Usando o e-mail da Hian Pilot, acessei o portal de agendamento de funcionários. Encontrei o formulário de suspensão temporária de responsabilidade fiduciária. Nele, citei negligência grave e descumprimento dos novos protocolos de pagamento. Assinei com meu nome: Luna Cruz, auditora, autoridade temporária do projeto. Imprimi o formulário na copiadora com o restante do meu caixa pequeno. Colei-o na porta da cabine de comando antes do início do segundo turno da noite.

Com efeito imediato, as operações do turno da noite foram suspensas até a conclusão da análise financeira. O guichê ficou fechado das 22h às 6h.

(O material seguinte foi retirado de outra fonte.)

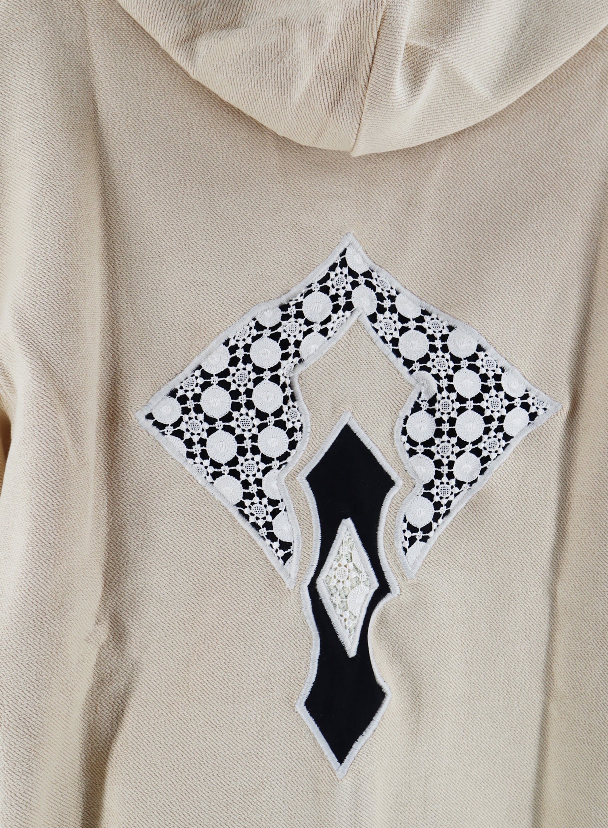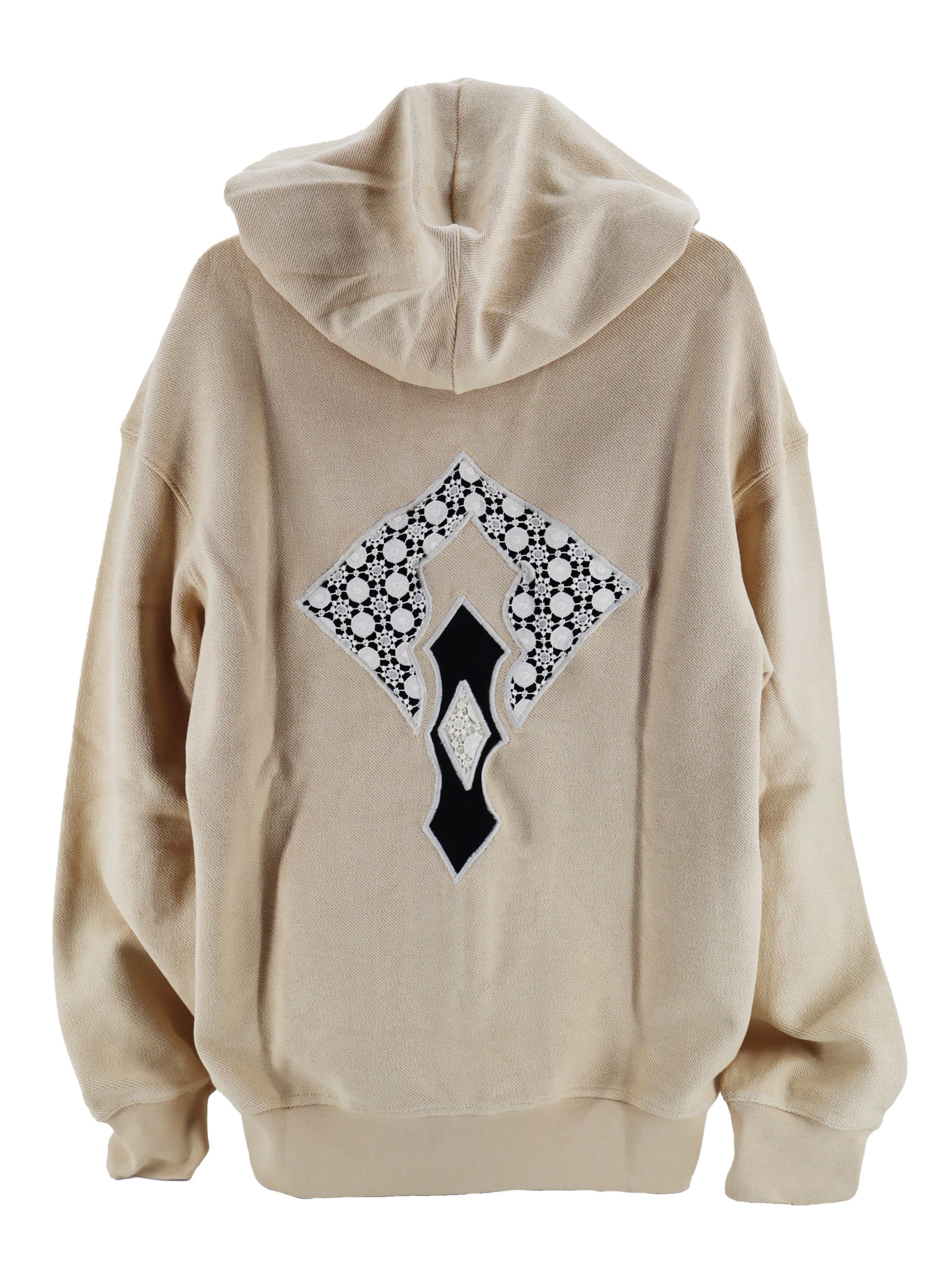 the Shield Hoodies were inspired by medieval shields and other iconography from some of our favorite movies and video games. we wanted to find a way to repurpose fabric scraps from previous collections this year, as well as reimagine our “Natural Zip” hoodie in a way that felt authentic to us. each design is equipped with a special shield that will protect you when you wear it; we hope you can feel the good energy of this hoodie.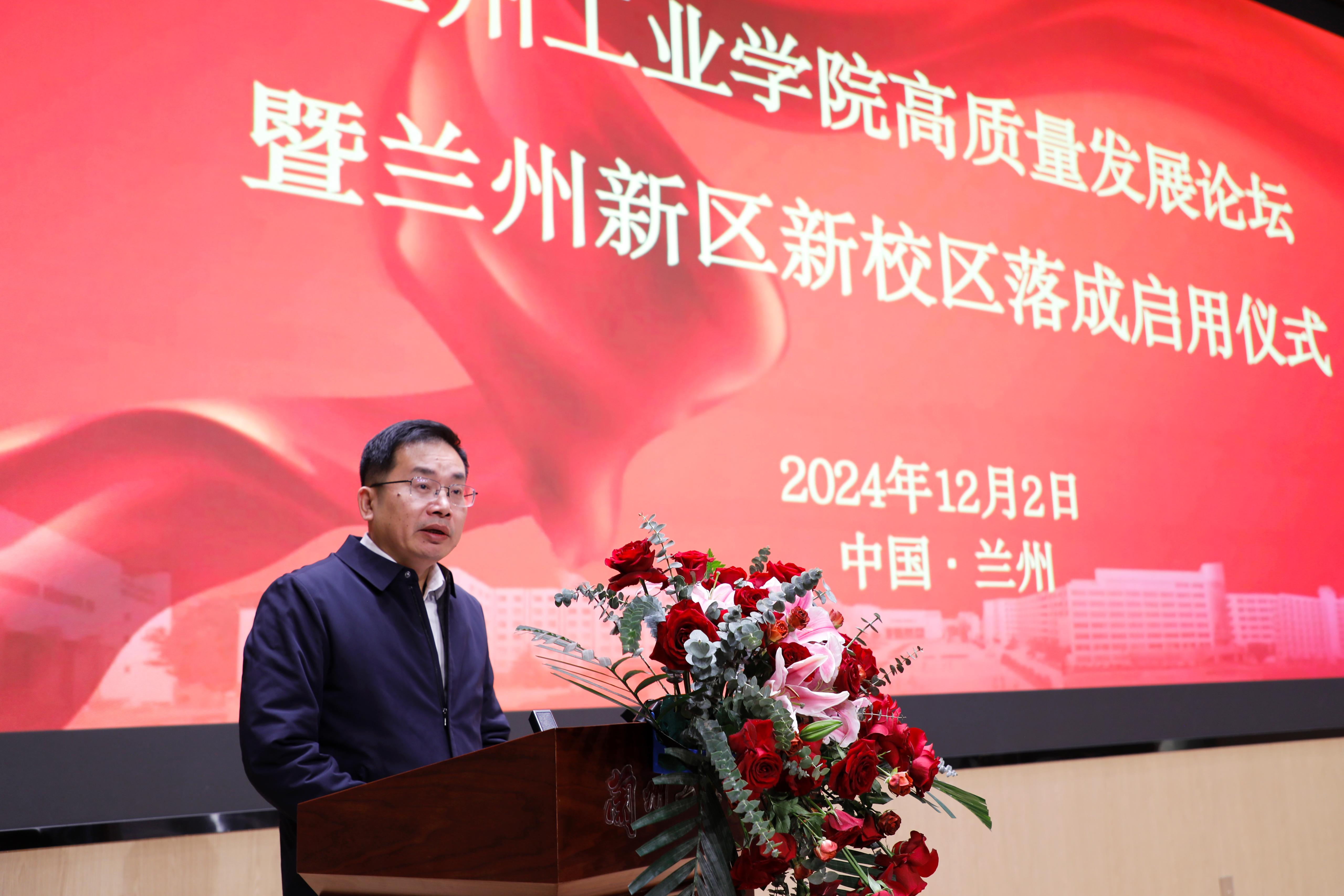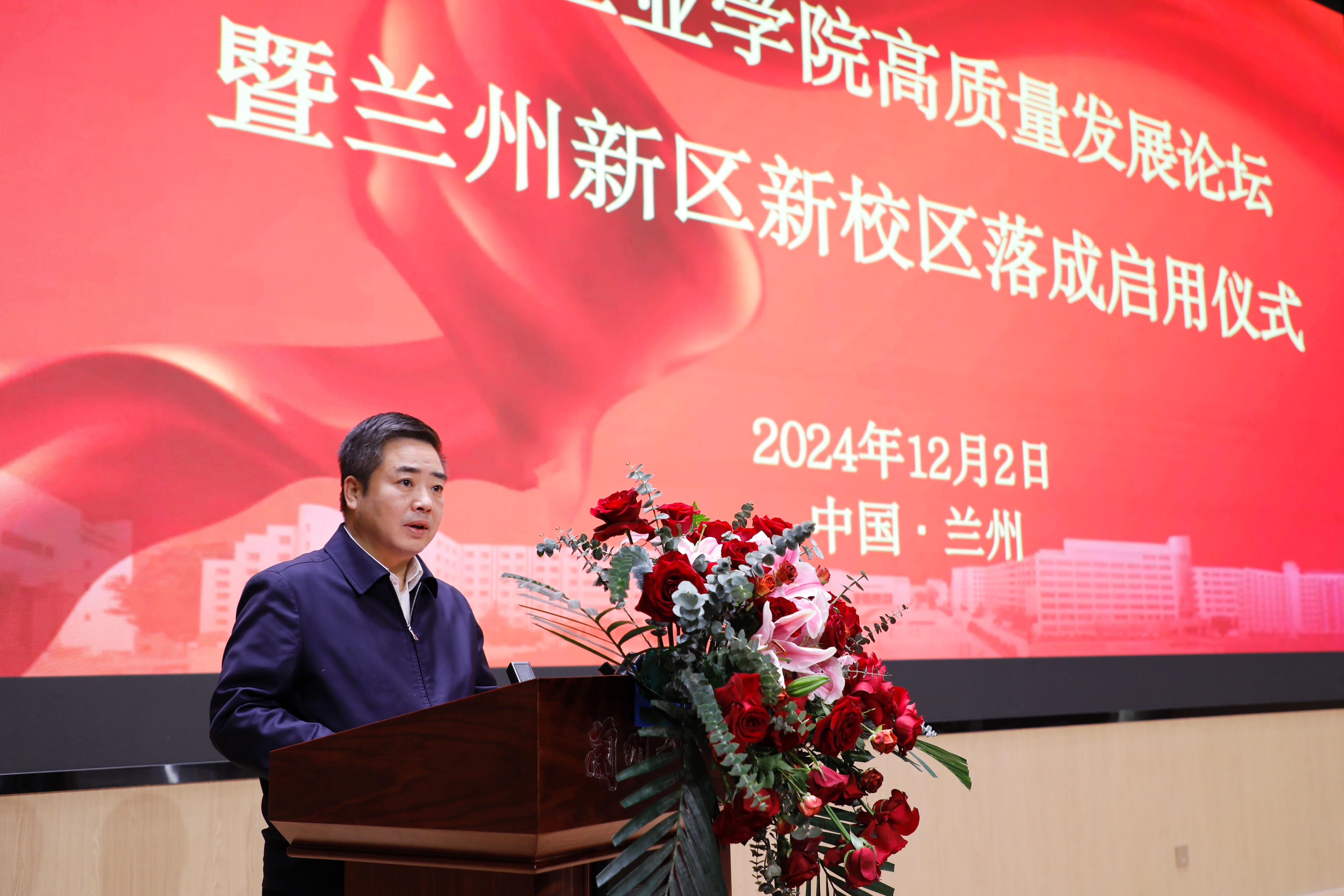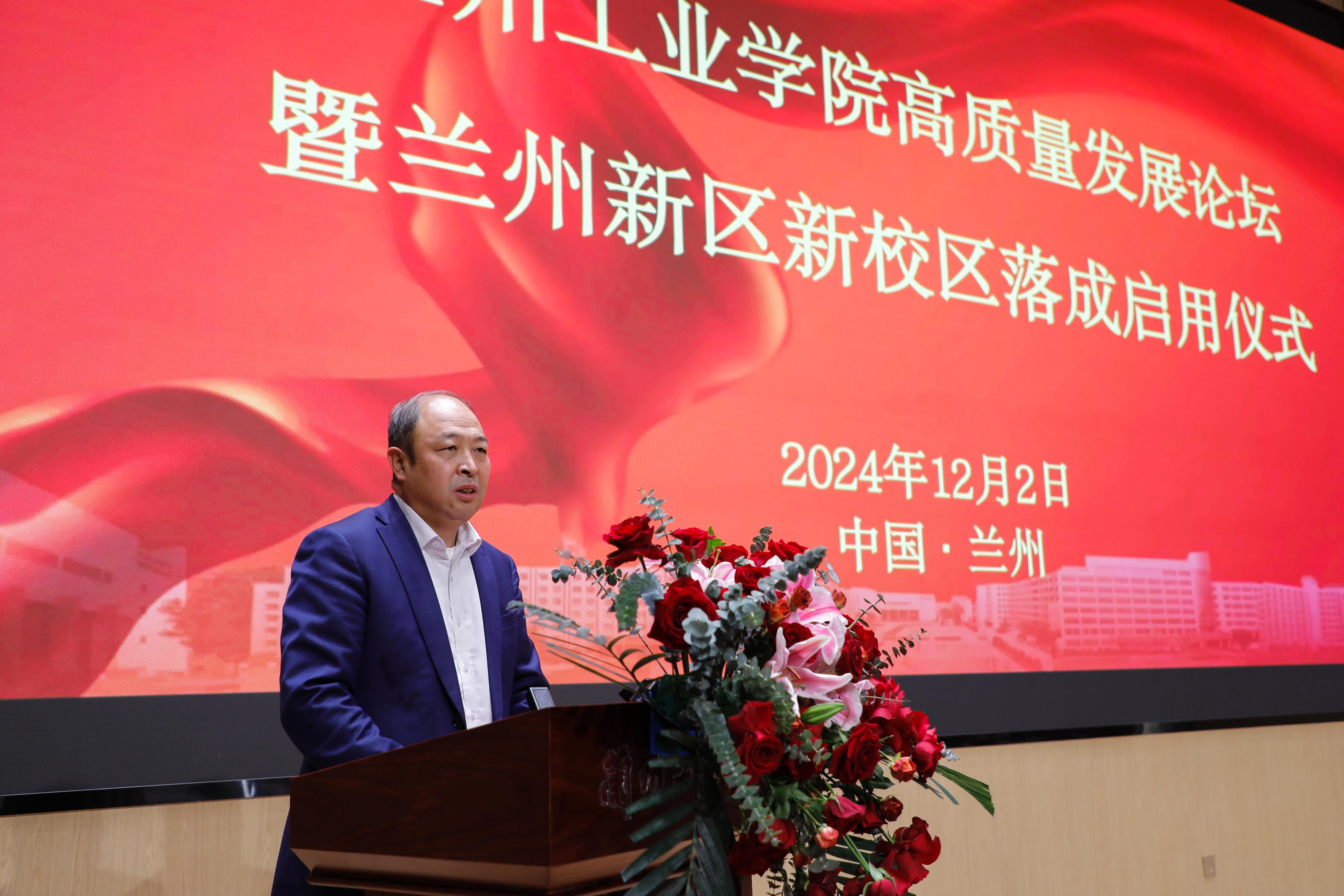 左龙从兰州新区教育事业高质量发展等多个维度对学校兰州新区新校区落成启用给予高度肯定和赞扬。他指出,兰州新区将着眼长远发展,着力推动职业教育产教融合,以政校协同推进专业、产业、就业、创业“四业”联动,大力实施职业教育服务产业发展专项攻坚行动,促推优势产业企业与院校合作开办产业学院、专业订单班,院校、科研院所与龙头企业共建科创中心、孵化中心,以高水平教育支撑经济社会高质量发展。将进一步深化与兰州工业学院的合作交流,强化协同发展,共同书写区校融合崭新篇章。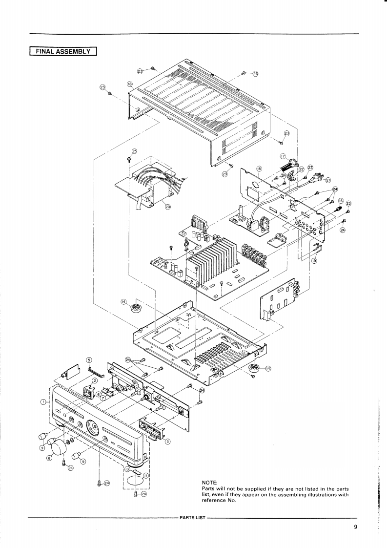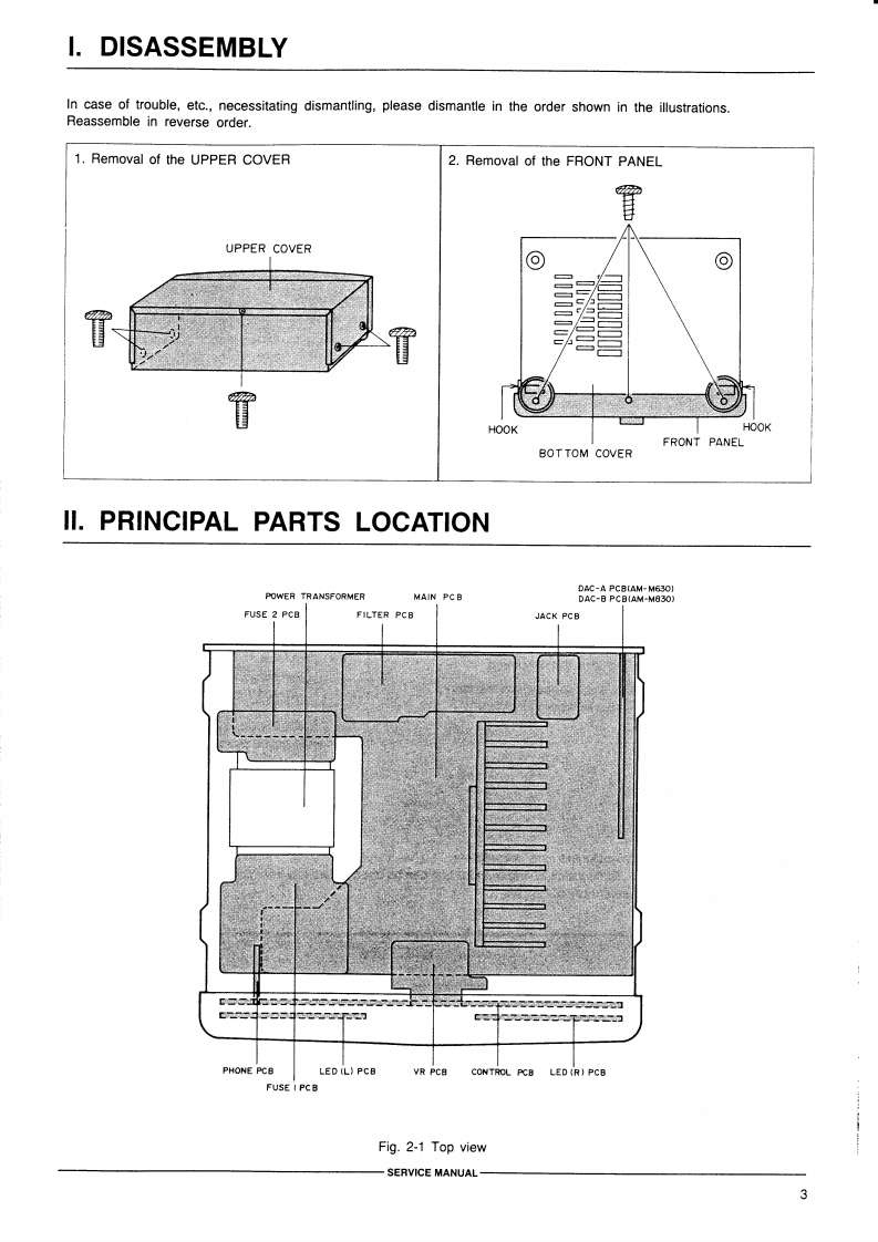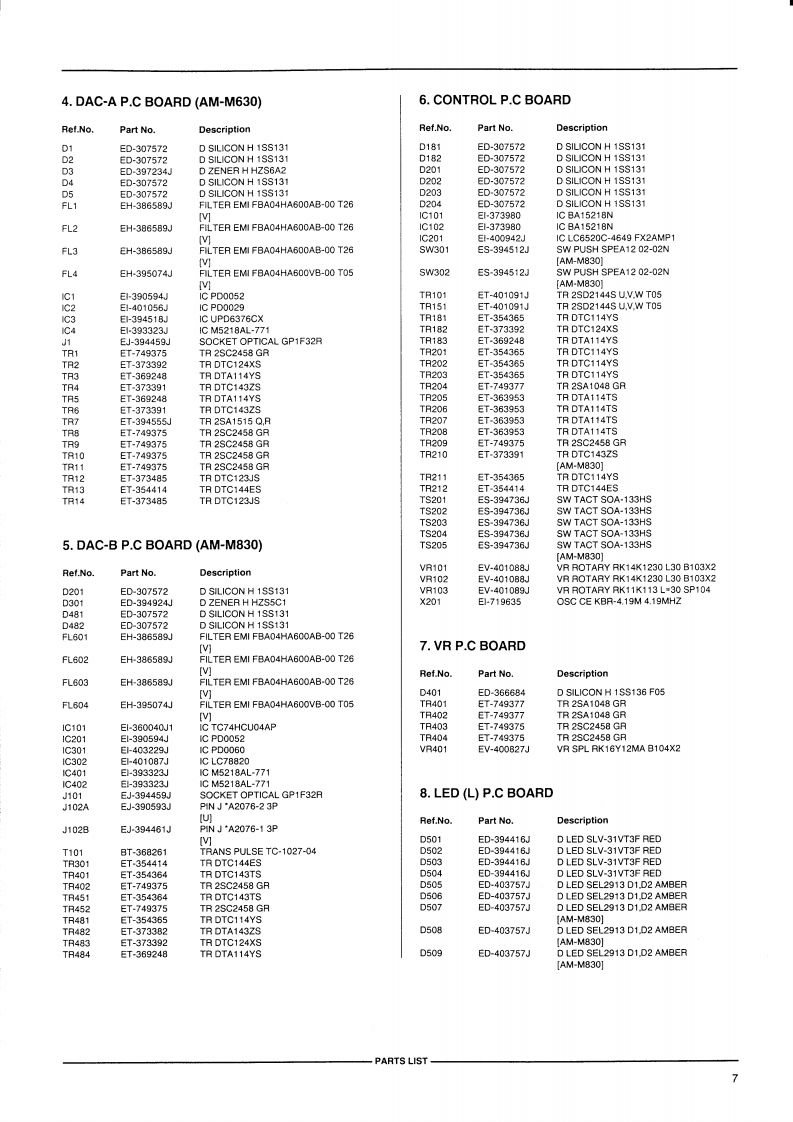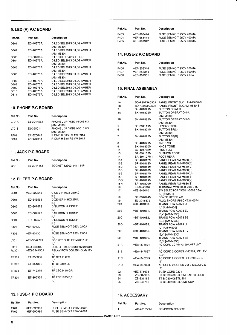 AKAI SERVICE MANUALAKAI声程nha非m#:2LMODEL AM-M830DIGITAL INTEGRATED AMPLIFIERMODELAM-M630MODELAM-M830SPECIFICATIONSAM-M830AM-M630Power outputFTC54 W x 2 (6 ohms,40 Hz to 20 kHz,THD 0.5%)42 W x 2 (6 ohms,40 Hz to 20 kHz,THD 0.5%)DIN63W×2(6ohms)EIAJ50w×26 ohms)480Wx2(6ohm5)65 Wx 2 (6 ohms)Music.300WPMPO220W900W750WPower bandwidth10 Hz to 50 kHz (THD 0.1%)10 Hz to 50 kHz (THD 0.1%)Total harmonic distortion0.06%(1kHz)0.06%(1kHz)Phono max.input level55 mV (1kHz)55 mV (1 kHz)Frequency response...10 Hz to 100 kHz (-1.5 dB,-6.0 dB)10 Hz to 100 kHz (-1.5 dB,-6.0 dB)Tone controlTreble..±8.0dBt10kHz1±8.0dB(10kz)Bass士8.0dB(100Hz)®8.0de(100HzS/N ratio (IHF-A)PHONO (MM)73d872d8Others....4.88dB87 d8Residual noise0.5mv0.5mvChannel dB (1 kHz)60 dB (1 kHz)Damping factor.....19.320Required speaker impedanceAor B..6 to 16 ohms6 to 16 ohmsA and B.12 to 16 ohmsInput sensitivity impedancePHONO (MM)2 mV /47 kohms2 mV /47 kohmsVCR,etc..270 mV/47 kohms180 mV/47 kohmsOutput level impedance....270 mV /1 kohms180 mV /1 kohmsDAC section]Sampling frequency32/44.1/48kHz44.1 KHzDigital filter8fs /18 bit4 1s /16bitD A converter.....18 bit /2 DAC16 bit /2 DACDigital input level impedanceOPTICAL-14to-23d8m-14o-23dBmCOAXIAL…0.5Vp-p/75 ohmsFrequency response20Hto20kHz±0.5dB20Hzto20kHz±0.5dBDynamic range ......95 dB93 dBTotal harmonic distortion0.07%(1 kHz,20 kHz LPF)0.04%(1 kHz,20 kHz LPF)Power requirements ......AC 220 V-230 V,50 Hz for Europe except UKAC 220 V-230 V,50 Hz for Europe except UKAC 240 V.50Hz for UK and AustraliaAC 240 V,50Hz for UK and AustraliaAC 110 /120 /220 /240 V,50/60 Hz convertible forAC 110 /120/220/240 V,50 60 Hz convertible forother countries.other countries360WM×117(H×310D)mm360(W0×117Hx310D)mm…6.4kg6.3kgStandard accessoriesRemote control unit (RC-S600)....1Operator's manual....1For improvement purposes.specifications and design are subject to change without notice.

Ele havia impedido o desfalque daquela noite.

A reação negativa veio três horas depois. Não foi um telefonema. Foi um e-mail enviado para o endereço genérico de informações da Granite Yards, que eu havia encaminhado para minha conta piloto. O remetente era anônimo, uma sequência de números aleatórios. O assunto estava em branco. A mensagem consistia em quatro palavras:

Não toquem no nosso dinheiro.

Anexei uma fotografia. Não era minha. Era do meu carro estacionado na esquina. Um close da minha placa, tirada no escuro.

Meu sangue gelou.

Eles não estavam apenas com raiva. Estavam me observando. Sabiam quem era meu alvo. Aquilo não era mais uma auditoria corporativa. Eu era um alvo.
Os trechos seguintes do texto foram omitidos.